## Activity:
The lines below, from the one holding "A Nail Art Pens" through the one holding "Рис. П2.5. Карикатура", are to be restated word for word, with all images left out.

## Data shown:
=== Section Start ===
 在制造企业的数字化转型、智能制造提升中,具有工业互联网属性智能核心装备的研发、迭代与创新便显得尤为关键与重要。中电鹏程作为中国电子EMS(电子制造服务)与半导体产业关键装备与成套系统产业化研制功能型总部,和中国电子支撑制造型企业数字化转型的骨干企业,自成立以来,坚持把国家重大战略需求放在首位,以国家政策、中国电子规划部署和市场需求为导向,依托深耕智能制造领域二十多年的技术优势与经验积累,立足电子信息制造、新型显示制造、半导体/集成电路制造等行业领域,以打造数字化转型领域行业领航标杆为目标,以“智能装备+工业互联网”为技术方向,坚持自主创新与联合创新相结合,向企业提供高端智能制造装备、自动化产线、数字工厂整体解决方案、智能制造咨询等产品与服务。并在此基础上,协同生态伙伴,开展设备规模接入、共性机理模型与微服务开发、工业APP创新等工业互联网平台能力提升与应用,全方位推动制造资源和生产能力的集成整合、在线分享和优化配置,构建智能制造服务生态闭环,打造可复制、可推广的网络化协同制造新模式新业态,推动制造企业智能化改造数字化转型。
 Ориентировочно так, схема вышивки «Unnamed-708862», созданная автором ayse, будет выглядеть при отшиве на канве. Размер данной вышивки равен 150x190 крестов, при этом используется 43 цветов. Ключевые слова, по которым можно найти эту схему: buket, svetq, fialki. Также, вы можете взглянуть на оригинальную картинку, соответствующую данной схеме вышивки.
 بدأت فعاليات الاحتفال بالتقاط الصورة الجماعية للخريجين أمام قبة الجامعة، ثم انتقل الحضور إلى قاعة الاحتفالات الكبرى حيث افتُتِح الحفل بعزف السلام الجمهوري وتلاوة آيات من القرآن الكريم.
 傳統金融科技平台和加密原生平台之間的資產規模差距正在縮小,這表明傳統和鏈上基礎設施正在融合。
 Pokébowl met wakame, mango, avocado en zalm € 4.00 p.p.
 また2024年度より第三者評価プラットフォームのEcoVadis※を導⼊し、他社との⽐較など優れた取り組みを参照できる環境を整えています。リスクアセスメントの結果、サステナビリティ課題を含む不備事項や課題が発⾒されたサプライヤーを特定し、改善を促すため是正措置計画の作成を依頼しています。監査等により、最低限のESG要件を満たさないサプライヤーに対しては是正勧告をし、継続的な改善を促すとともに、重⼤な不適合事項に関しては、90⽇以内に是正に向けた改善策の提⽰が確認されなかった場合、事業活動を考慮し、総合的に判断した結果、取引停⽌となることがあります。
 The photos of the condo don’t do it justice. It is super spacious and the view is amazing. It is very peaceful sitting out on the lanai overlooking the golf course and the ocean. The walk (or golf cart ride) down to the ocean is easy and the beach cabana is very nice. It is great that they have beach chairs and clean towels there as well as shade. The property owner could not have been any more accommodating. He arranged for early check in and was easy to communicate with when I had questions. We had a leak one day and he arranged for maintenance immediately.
=== Section End ===
=== Section Start ===
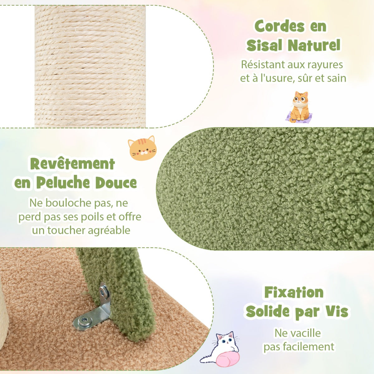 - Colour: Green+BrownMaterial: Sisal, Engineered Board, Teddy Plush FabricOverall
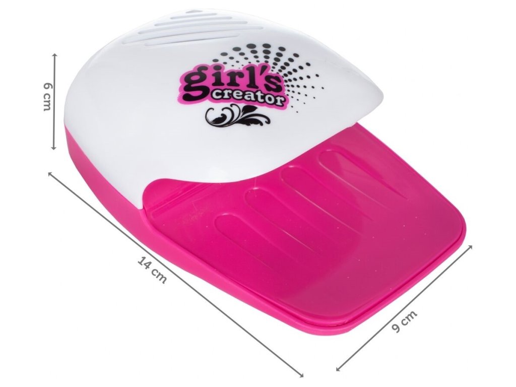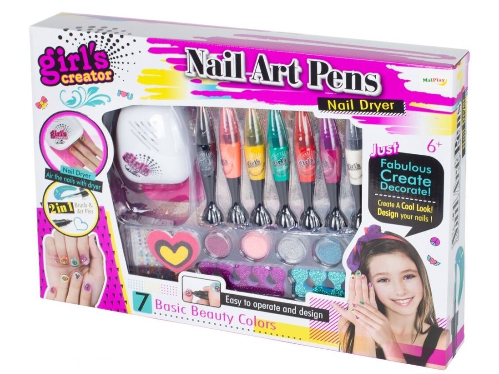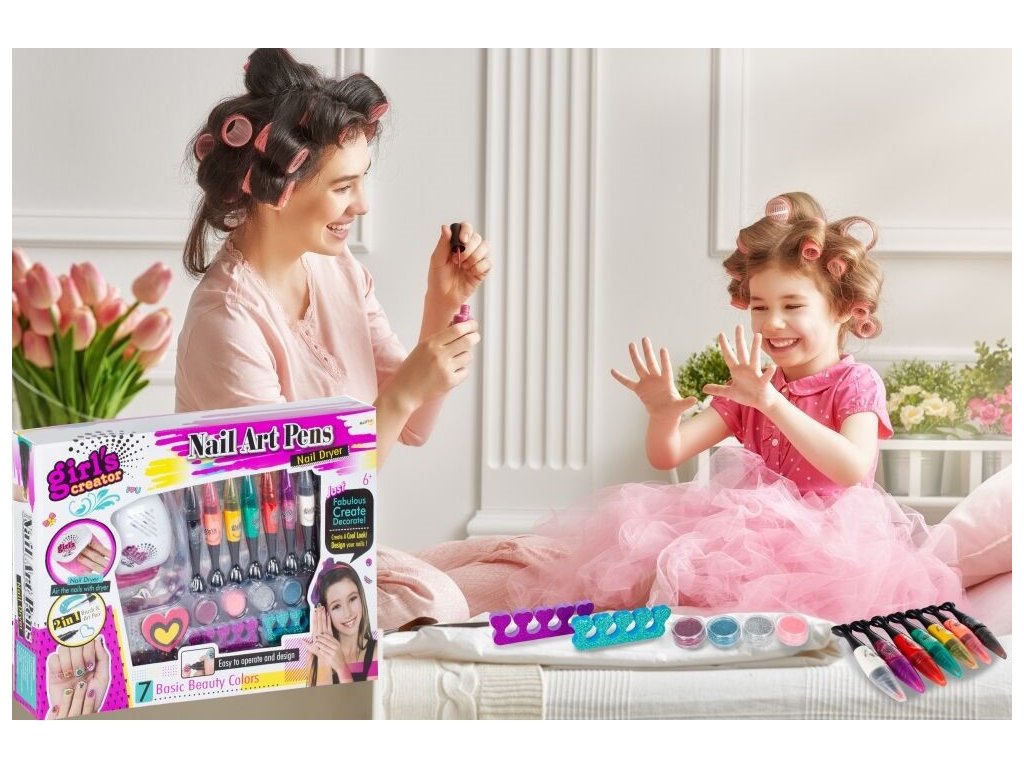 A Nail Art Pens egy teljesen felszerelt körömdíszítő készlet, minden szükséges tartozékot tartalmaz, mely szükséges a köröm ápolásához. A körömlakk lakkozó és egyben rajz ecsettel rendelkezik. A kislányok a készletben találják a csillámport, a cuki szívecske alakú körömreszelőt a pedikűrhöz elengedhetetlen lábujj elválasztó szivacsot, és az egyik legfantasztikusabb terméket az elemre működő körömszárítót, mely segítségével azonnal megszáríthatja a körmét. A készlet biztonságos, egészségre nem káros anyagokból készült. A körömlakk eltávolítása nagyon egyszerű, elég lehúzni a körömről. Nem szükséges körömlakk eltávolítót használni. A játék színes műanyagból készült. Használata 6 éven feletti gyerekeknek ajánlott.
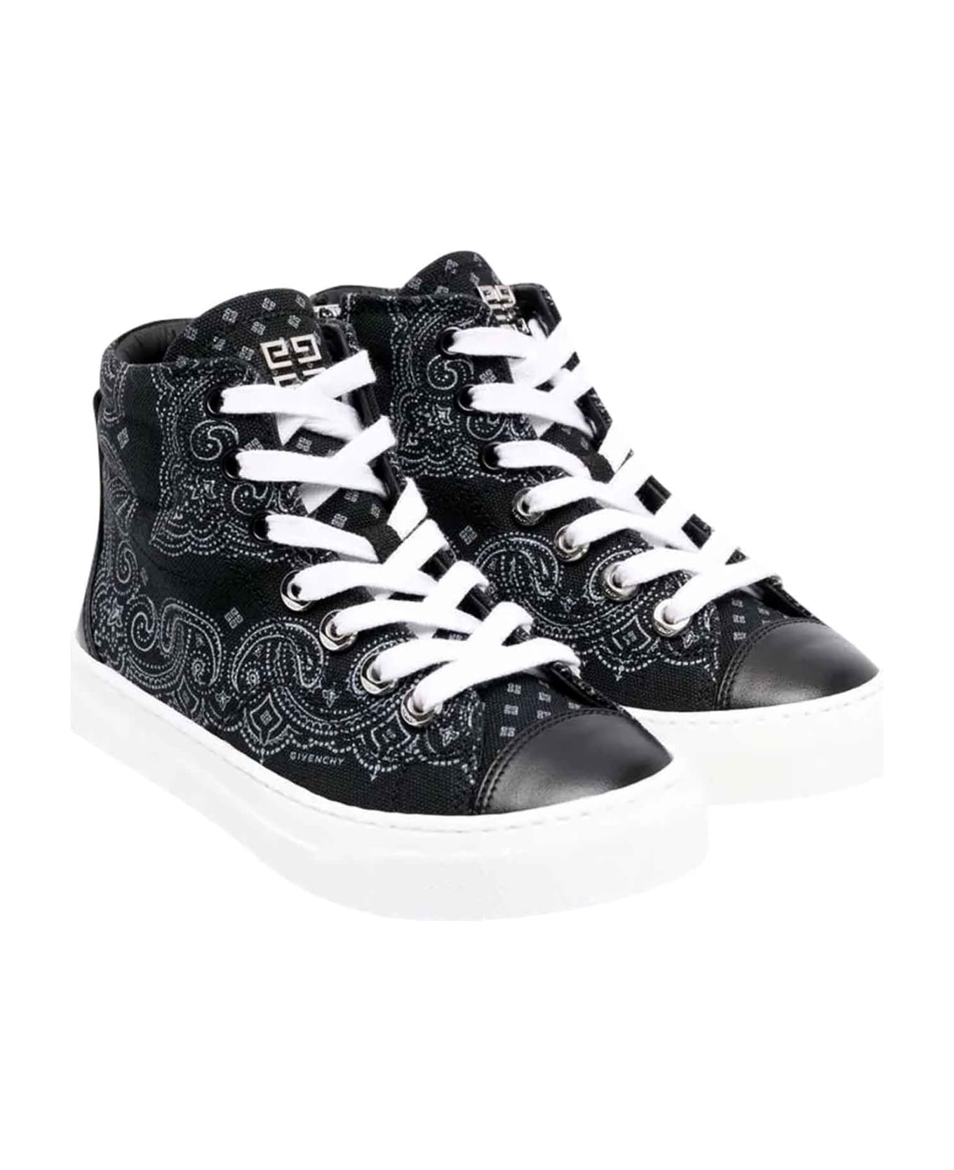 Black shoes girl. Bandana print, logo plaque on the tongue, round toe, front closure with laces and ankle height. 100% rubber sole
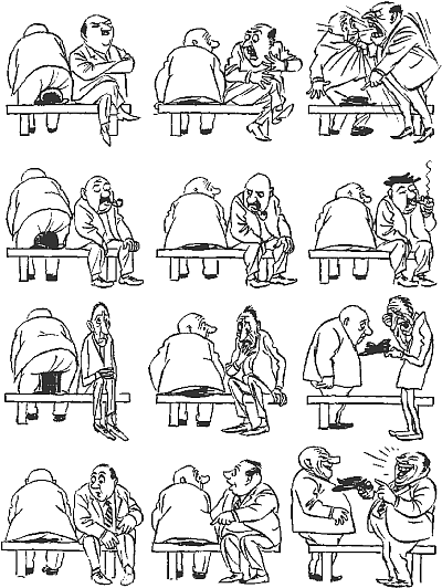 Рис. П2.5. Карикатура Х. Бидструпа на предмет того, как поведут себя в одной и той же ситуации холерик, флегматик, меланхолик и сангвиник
=== Section End ===
## Completed task:
 A Nail Art Pens egy teljesen felszerelt körömdíszítő készlet, minden szükséges tartozékot tartalmaz, mely szükséges a köröm ápolásához. A körömlakk lakkozó és egyben rajz ecsettel rendelkezik. A kislányok a készletben találják a csillámport, a cuki szívecske alakú körömreszelőt a pedikűrhöz elengedhetetlen lábujj elválasztó szivacsot, és az egyik legfantasztikusabb terméket az elemre működő körömszárítót, mely segítségével azonnal megszáríthatja a körmét. A készlet biztonságos, egészségre nem káros anyagokból készült. A körömlakk eltávolítása nagyon egyszerű, elég lehúzni a körömről. Nem szükséges körömlakk eltávolítót használni. A játék színes műanyagból készült. Használata 6 éven feletti gyerekeknek ajánlott.
 Black shoes girl. Bandana print, logo plaque on the tongue, round toe, front closure with laces and ankle height. 100% rubber sole
 Рис. П2.5. Карикатура Х. Бидструпа на предмет того, как поведут себя в одной и той же ситуации холерик, флегматик, меланхолик и сангвиник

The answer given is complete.